The method of claim 1,
The process of generating the image for transmission,
When a plurality of speaker faces are detected, selecting reference coordinates for each of up, down, left, and right directions among center coordinates of the plurality of speaker faces;
Determining a range of the image for transmission by expanding from each reference coordinate up, down, left, and right;
Extracting an image of the determined range.

The method of claim 4, wherein
The process of determining the range of the image for transmission,
And determining a range of the image for transmission to include images of a plurality of speakers.

The method of claim 5,
The process of generating the image for transmission,
And if the extracted image is larger than the size defined in the format of the image for transmission, matching the size of the image for transmission to the long format through resize.

The method of claim 1,
The process of generating the image for transmission,
If the speaker's face is not detected, selecting the center coordinates of the omnidirectional image as reference coordinates;
Determining a range of the image for transmission by expanding from the reference coordinates up, down, left, and right;
Extracting an image of the determined range.

The method of claim 1,
And transmitting the image for transmission to a counterpart terminal.

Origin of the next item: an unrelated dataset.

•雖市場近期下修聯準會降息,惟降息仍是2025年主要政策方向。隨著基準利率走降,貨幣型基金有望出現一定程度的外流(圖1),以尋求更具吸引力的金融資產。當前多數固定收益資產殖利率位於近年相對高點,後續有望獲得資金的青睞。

In a terminal device providing a video call service,
A camera that captures images through the omnidirectional lens,
After reconstructing the image captured by the omnidirectional lens to an omnidirectional image of a rectangular shape, attempting to detect the speaker's face in the omnidirectional image, and generating an image for transmission from the omnidirectional image according to the detection result. Apparatus comprising a control unit.

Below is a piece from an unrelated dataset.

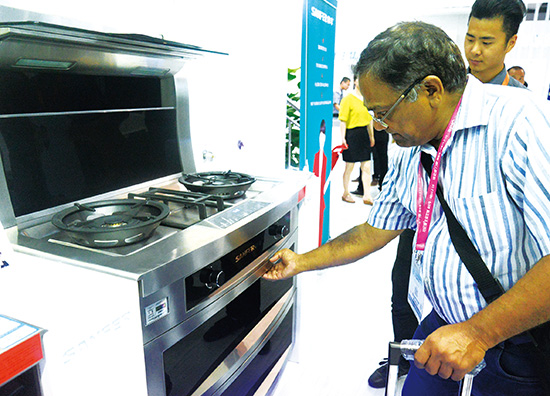 7月8日至昨日,2016年第18届中国(广州)国际建筑装饰博览会在广州市海珠区举行,我市的浙江帅丰电器有限公司等10多家厨具企业组团参展,F16蒸神器等系列集成灶具深受国内外采购商的青睐。图为国外客商正在选购帅丰集成灶。

10. The method of claim 9,
The controller may be configured to transform the captured image into the rectangular omnidirectional image according to the specification of the omnidirectional lens.

10. The method of claim 9,
When the face of one speaker is detected, the controller selects the center coordinates of the face of the one speaker as reference coordinates and determines a range of the image for transmission by extending the image from top to bottom, left and right, and then determining Device for extracting a range of images.

10. The method of claim 9,
When a plurality of speaker faces are detected, the controller selects reference coordinates for up, down, left, and right directions among center coordinates of the plurality of speaker faces, and extends up, down, left, and right from each reference coordinate. Thereby determining the range of the transmission image, and then extracting the image of the determined range.

The method of claim 12,
The control unit, characterized in that for determining the range of the image for transmission to include the image of a plurality of speakers.

The method of claim 13,
The control unit, if the extracted image is larger than the size defined in the format of the image for transmission, resize the size of the image for transmission to the long format.

10. The method of claim 9,
If the speaker's face is not detected, the controller selects the center coordinates of the omnidirectional image as the reference coordinates, and determines the range of the image for transmission by expanding the image from the reference coordinates up, down, left, and right. Device for extracting.

10. The method of claim 9,
And a communication unit for transmitting the image for transmission to a counterpart terminal.